La brouille avec le Togo
Entre Talon et Faure l’on ne peut jurer la main sur le cœur que le courant passe très bien. Mais les faits et gestes, les actions et réactions sont des repères indispensables. Pour comprendre le début de la crise souterraine, il faut se référer aux événements avant, pendant et après l’élection présidentielle de 2021. Tout part de la candidature de Reckya Madougou, Conseillère en communication du Président togolais, Faure Gnassingbé. Une protégée politique de Boni Yayi qui aurait bénéficié du soutien de certains pays de la sous -région dans le machiavélique plan de déstabilisation du pouvoir de Cotonou. Sans nommer, dans une interview accordée à France 24 et Rfi au lendemain de sa réélection, le Président Patrice Talon a condamné et déploré les faits. Quelques jours plus tard, c’est-à-dire le 30 avril 2021, dans la foulée de l’affaire Madougou, les forces de l’ordre ont intercepté, un véhicule immatriculation togolaise, émanant du Togo, avec des munitions. Un fait qui semble donner raison au Chef de l’Etat quand il pointait du doigt le soutien de certains pays voisins. Plus tôt, précisément le 06 mars, c’est la capture d’écran des messages de Reckya au Ministre Modeste Kérékou était déjà une preuve accablante de planification de l’atteinte à la sûreté de l’Etat.
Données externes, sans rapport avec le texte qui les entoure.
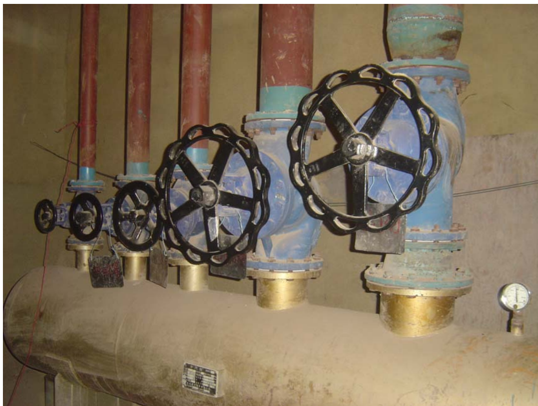
分汽缸双波纹管截止阀
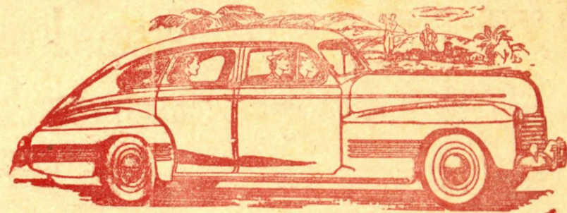
Acima ilustramos um Sport Sedan De Luxe

Todos sentimos os prenúncios de uma era suntuosa que colocará o Brasil no apogeu da civilização humana. Esse prodigioso presentimento nos obriga a trabalhar desceparadamente para ganharmos o tempo perdido que vivimos a discutir sobre política de partidos ou partidos da política. Os brasileiros estão mobilizados para o trabalho. E com o nosso trabalho solidificamos a obra do Estado Novo, que quer dizer Nação Forte, de soberania plena, que precisa estar espiritualmente preparada para não temer arreganhos de quem quer que seja.
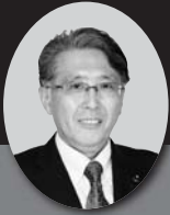
栃木県議会議員 野澤和一

Somme toute, le Président Yayi qui avait refusé la main tendue de Patrice Talon entretemps, du retour d’un voyage discret, la semaine dernière, a compris que l’enjeu est de taille. Il saisit la balle au bond et se rend chez Patrice Talon. Au menu de cette rencontre, Yayi a plaidé pour la libération de ses soutiens dont Reckya Madougou et autres. Une bonne image qui sonne le glas de la reconsidération géopolitique de la relation du Togo et du Nigéria avec le Bénin. Les jours à venir édifieront.